→ AIM OF THE EXERCISE
I need every line from the start of the material below up to and including the line containing "NOT-A-BAR都改名為「OOO NOT A", restated exactly, with the pictures omitted.

→ STORED DATA
■ ■ ■

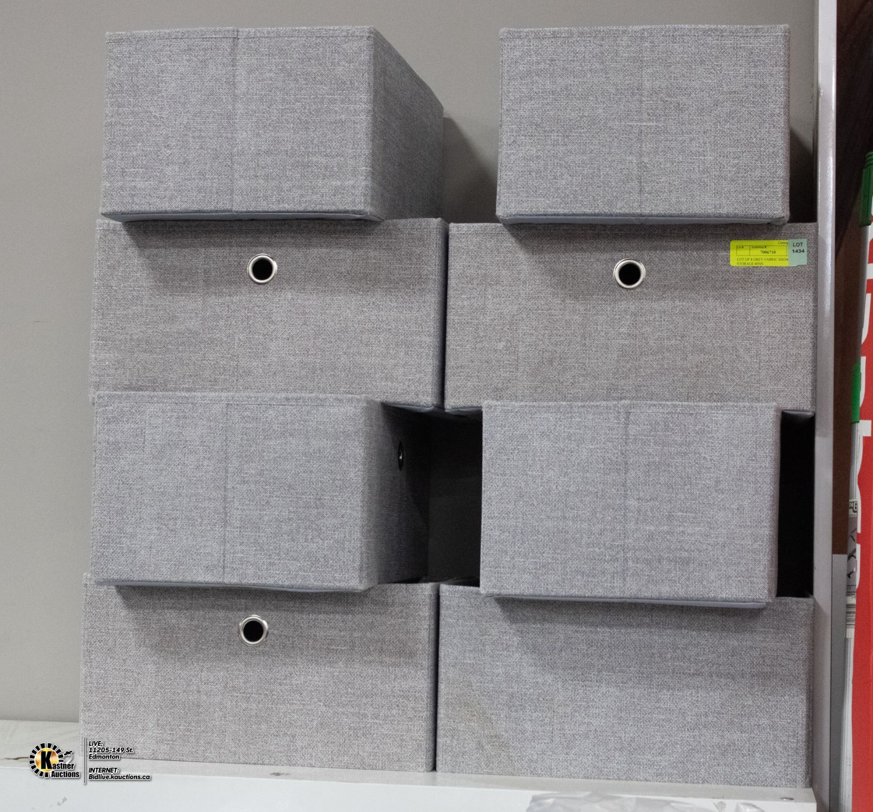 LOT OF 8 GREY FABRIC SHOWHOME STORAGE BINS
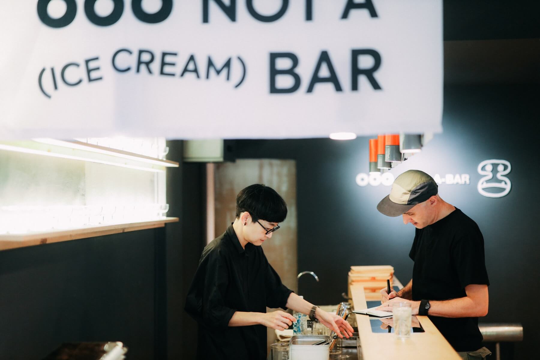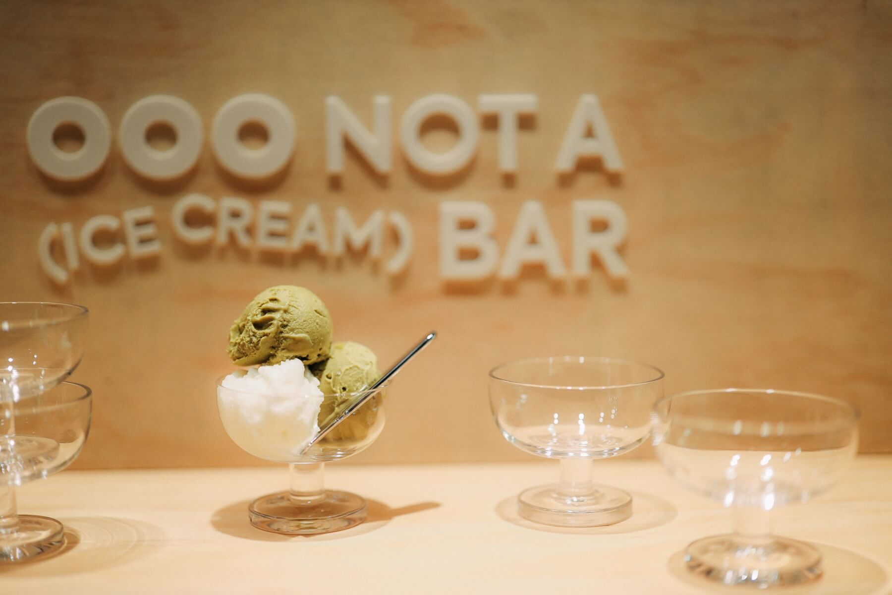 任性但認真,理解到這邊,不難想像他們近期新發表的「OOO冰淇淋匙」和「OOO冰淇淋碗」,應該就是出自喜歡吃冰淇淋吧?「沒錯,因為我們兩個都喜歡吃冰淇淋啊!」他們笑著回應。尤其在歐洲長大的Nicol,從小到大的夏日假期裡,每個拿著小湯匙,一小口、一小口挖冰淇淋的時刻,都在記憶裡留下幸福的痕跡,「對於這件讓人愉悅的事,我們想透過專門為此而生的物件賦予儀式感。設計的時候,我一樣盡可能讓它們外觀看起來熟悉又簡單,並且想像使用的人會抱著什麼情緒。我希望他們的心情是有一點慎重,但不用小心翼翼,所以將湯匙用不鏽鋼來做,表面還經過精緻拋光,碗的部分則以厚實的口吹玻璃一體成型製成。」整個十月,OOO NOT-A-BAR都改名為「OOO NOT A (ICE CREAM) BAR」,找來甜品、酒吧以及火鍋品牌在週末進駐,打造超乎大家想像的器皿體驗,為冰淇淋匙和冰淇淋碗的故事添入各種驚喜。
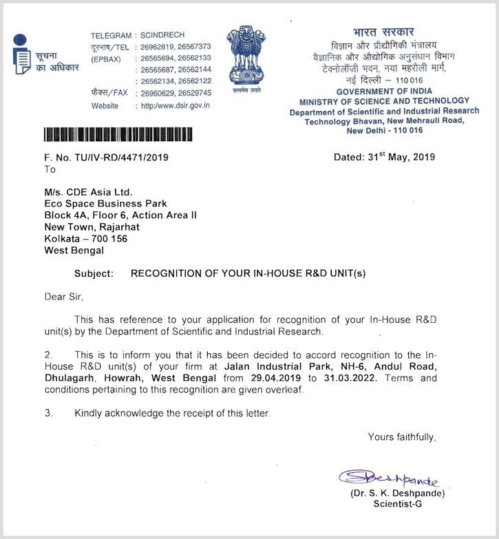 kolkata, West bengal Jul 25, 2019 (Issuewire.com) - CDE Asia, a leading manufacturer of wet processing equipment serving over 24 countries in the Indian subcontinent and South-East Asia, has recently been awarded the prestigious DSIR certification. The much-coveted recognition by Department of Scientific & Industrial Research (DSIR), Govt. of India, is particularly significant as it is the only program that benchmarks industrial research and thereby comments on the excellence of in-house R&D of corporates across the globe. The in-house R&D units recognized by DSIR are also eligible for receiving funds for research purposes from various government departments and agencies, such as DST, DBT, CSIR, ICMR, ICAR and TDB. Apart from this, DSIR accreditation for any unit is a hallmark of value and prestige for continued research in technologies, products, process, design, quality, ranges and so on.
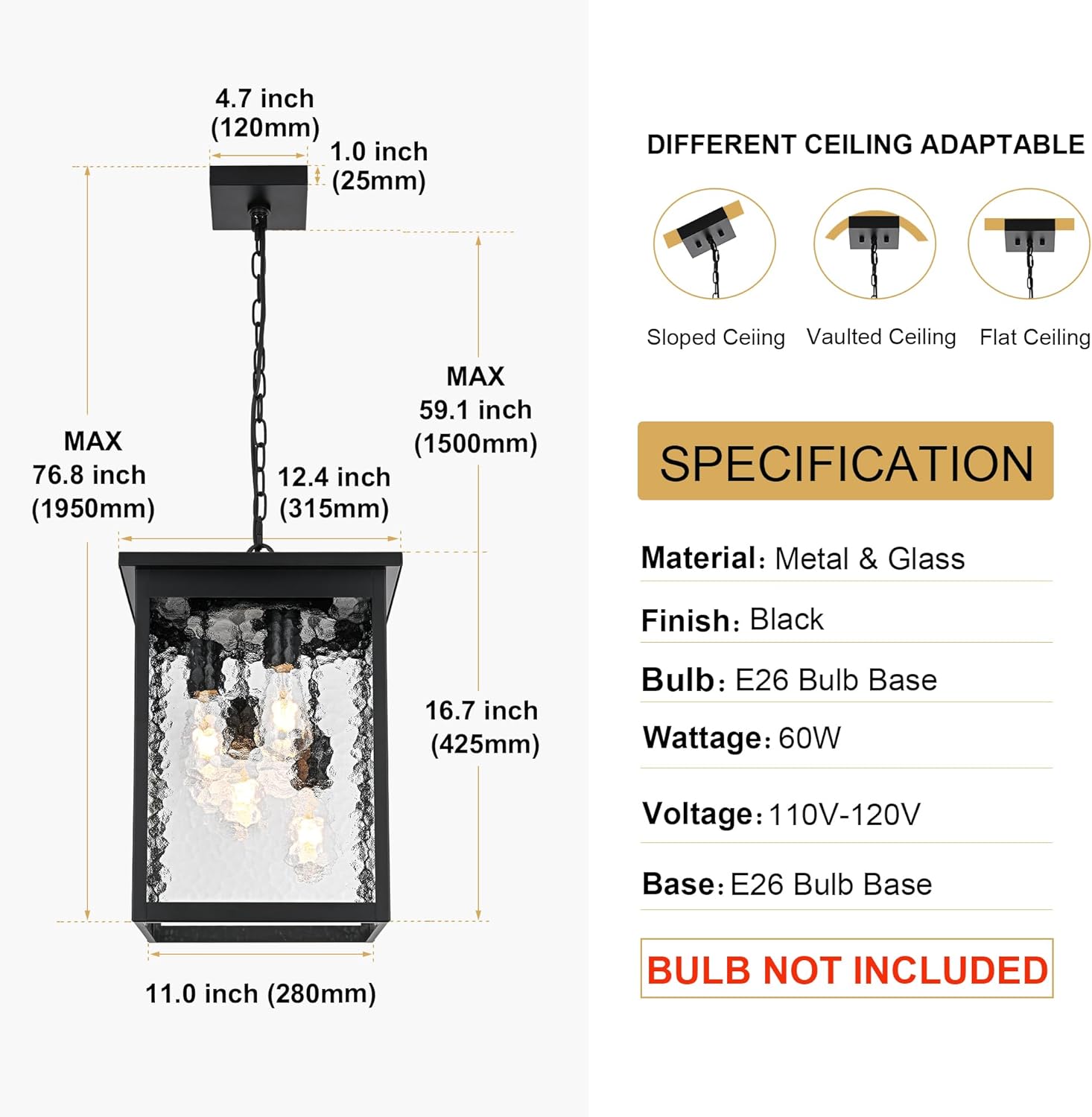 | Color | Hammered Glass, Black |

■ ■ ■

→ YOUR RESPONSE
 LOT OF 8 GREY FABRIC SHOWHOME STORAGE BINS
 任性但認真,理解到這邊,不難想像他們近期新發表的「OOO冰淇淋匙」和「OOO冰淇淋碗」,應該就是出自喜歡吃冰淇淋吧?「沒錯,因為我們兩個都喜歡吃冰淇淋啊!」他們笑著回應。尤其在歐洲長大的Nicol,從小到大的夏日假期裡,每個拿著小湯匙,一小口、一小口挖冰淇淋的時刻,都在記憶裡留下幸福的痕跡,「對於這件讓人愉悅的事,我們想透過專門為此而生的物件賦予儀式感。設計的時候,我一樣盡可能讓它們外觀看起來熟悉又簡單,並且想像使用的人會抱著什麼情緒。我希望他們的心情是有一點慎重,但不用小心翼翼,所以將湯匙用不鏽鋼來做,表面還經過精緻拋光,碗的部分則以厚實的口吹玻璃一體成型製成。」整個十月,OOO NOT-A-BAR都改名為「OOO NOT A (ICE CREAM) BAR」,找來甜品、酒吧以及火鍋品牌在週末進駐,打造超乎大家想像的器皿體驗,為冰淇淋匙和冰淇淋碗的故事添入各種驚喜。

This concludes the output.